The authors have declared that no competing interests exist.
Conceived and designed the experiments: KM. Performed the experiments: AM DG KM. Analyzed the data: AM DG KM. Contributed reagents/materials/analysis tools: KM. Wrote the paper: AM DG KM.
Obesity is a growing epidemic that causes many serious health related complications. While the causes of obesity are complex, there is conclusive evidence that overconsumption coupled with a sedentary lifestyle is the primary cause of this medical condition. Dietary consumption is controlled by appetite which is in turn regulated by multiple neuronal systems, including the taste system. However, the relationship between taste and obesity has not been well defined. Growing evidence suggests that taste perception in the brain is altered in obese animals and humans, however no studies have determined if there are altered taste responses in the peripheral taste receptor cells, which is the initiation site for the detection and perception of taste stimuli.

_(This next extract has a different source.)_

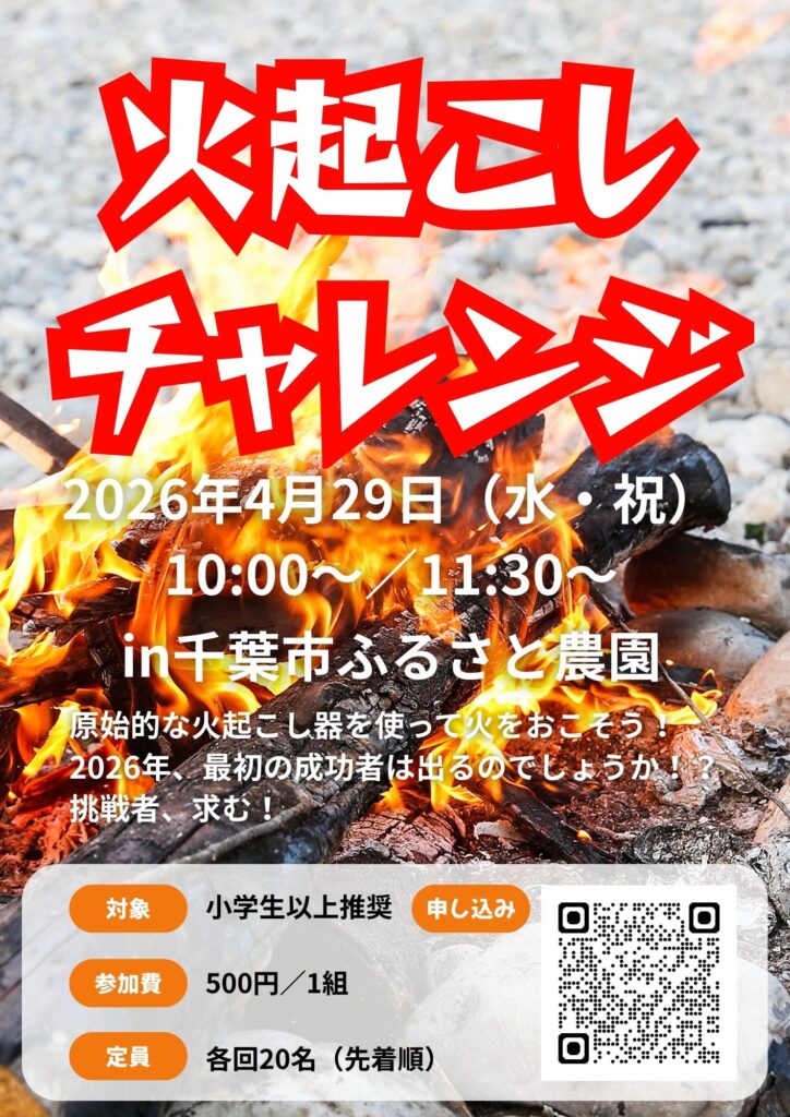 【4月29日(水・祝)】火起こしチャレンジ|千葉市ふるさと農園(花見川区)

In this study, we used C57Bl/6 mice which readily become obese when placed on a high fat diet. After ten weeks on the high fat diet, we used calcium imaging to measure how taste-evoked calcium signals were affected in the obese mice. We found that significantly fewer taste receptor cells were responsive to some appetitive taste stimuli while the numbers of taste cells that were sensitive to aversive taste stimuli did not change. Properties of the taste-evoked calcium signals were also significantly altered in the obese mice. Behavioral analyses found that mice on the high fat diet had reduced ability to detect some taste stimuli compared to their littermate controls.
Our findings demonstrate that diet-induced obesity significantly influences peripheral taste receptor cell signals which likely leads to changes in the central taste system and may cause altered taste perception.
While obesity is a complex disease, it is fundamentally due to overconsumption
Taste determines whether prospective food items will be ingested or rejected. Sweet and umami tastes are appetitive and are used to detect nutrient rich foods. Bitter taste is aversive and identifies potentially harmful compounds to avoid
If taste signals are altered, feeding behaviors could be significantly impacted which could contribute to the development of obesity. Using calcium imaging to measure taste-evoked signals in peripheral taste receptor cells of obese mice, we found that multiple taste signals are significantly reduced compared to control littermates, suggesting that the responsiveness of the peripheral taste receptor cells is suppressed in obese mice. Behavioral analysis also reveals that obesity can affect some taste preferences. Since nothing is currently known about the relationship between the peripheral taste receptor cells and obesity, this study is the first to demonstrate that diet-induced obesity significantly alters the responsiveness of the peripheral taste cells that are responsible for the initial detection of taste stimuli and for sending that taste information to the brain.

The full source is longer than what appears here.